- _DATASET SECTION_:
━━━━━━━━━━━━━━━━━━━━

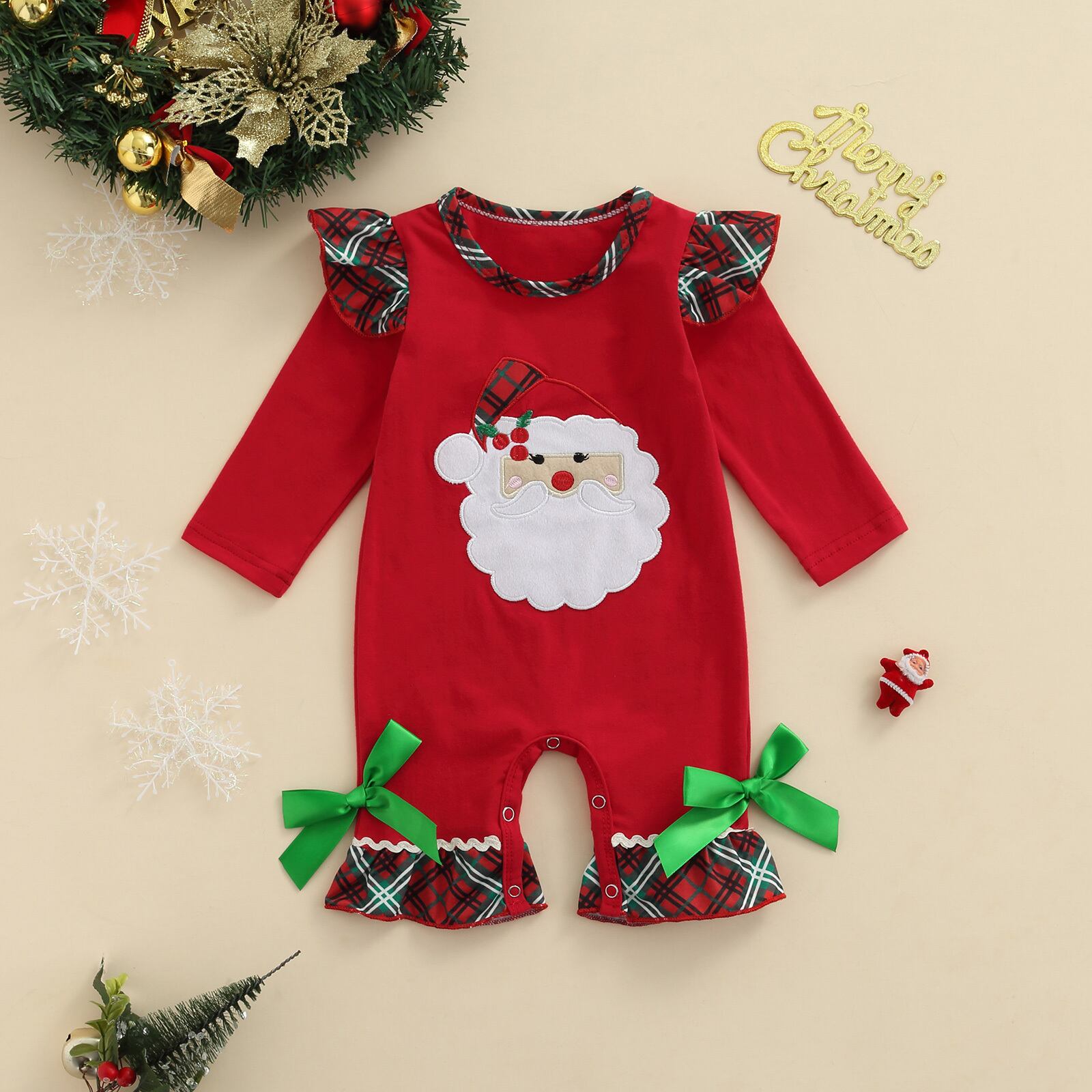 新作 Ma&Baby0-18M最初のクリスマス生まれの幼児の赤ちゃんの女の子のジャンプスーツフリル長袖ロンパースサンタパターンクリスマスsD84
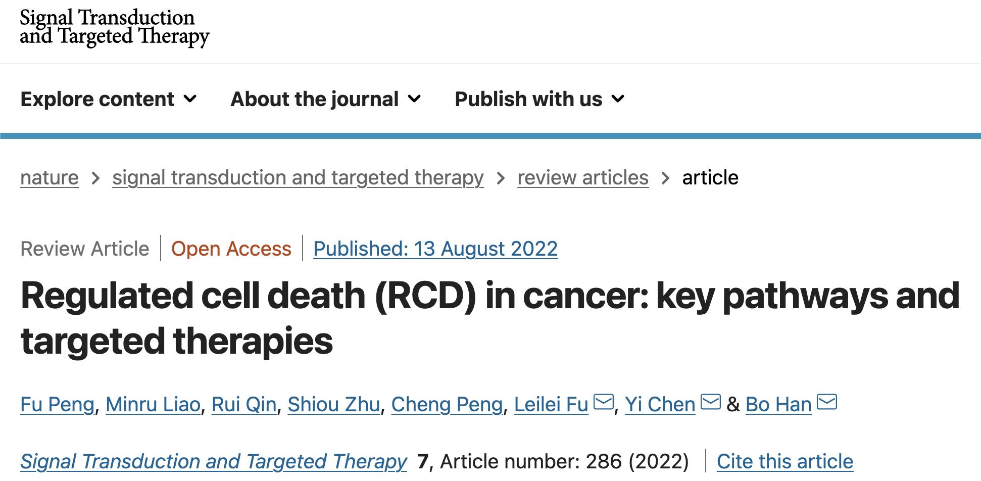 符雷蕾副教授合作在Signal Transduction and Targeted Therapy发表综述
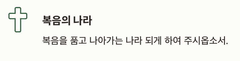 복음을 품고 나아가는 나라 되게 하여 주시옵소서.
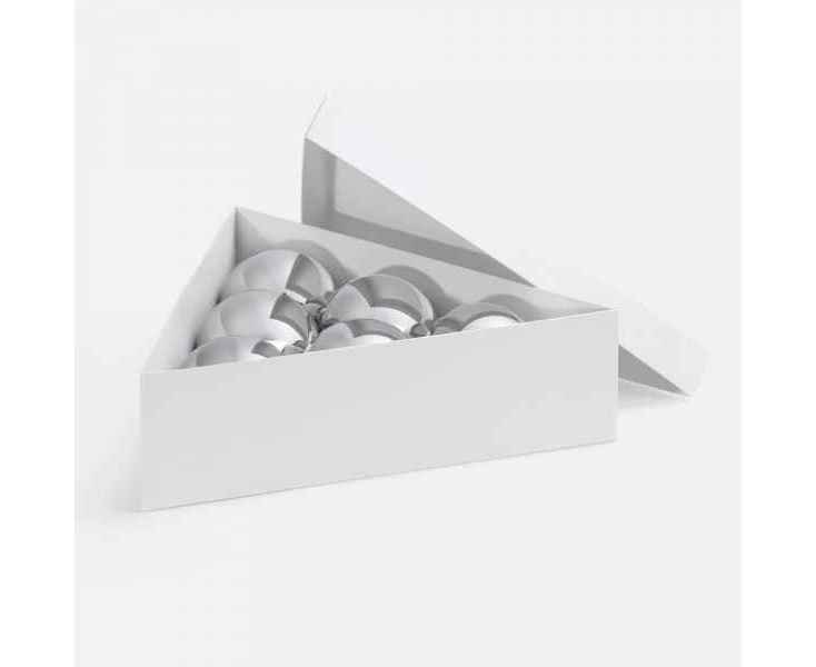 Трехгранная коробка Trigon прекрасно подходит для упаковки набора из 6 елочных шаров диаметром 10 см, а также других подарков нестандартной формы.

━━━━━━━━━━━━━━━━━━━━

- _REQUIREMENT_: Go through the lines above and write each one out verbatim, skipping the pictures.

- _REPLY TO THE EXERCISE_:
 新作 Ma&Baby0-18M最初のクリスマス生まれの幼児の赤ちゃんの女の子のジャンプスーツフリル長袖ロンパースサンタパターンクリスマスsD84
 符雷蕾副教授合作在Signal Transduction and Targeted Therapy发表综述
 복음을 품고 나아가는 나라 되게 하여 주시옵소서.
 Трехгранная коробка Trigon прекрасно подходит для упаковки набора из 6 елочных шаров диаметром 10 см, а также других подарков нестандартной формы.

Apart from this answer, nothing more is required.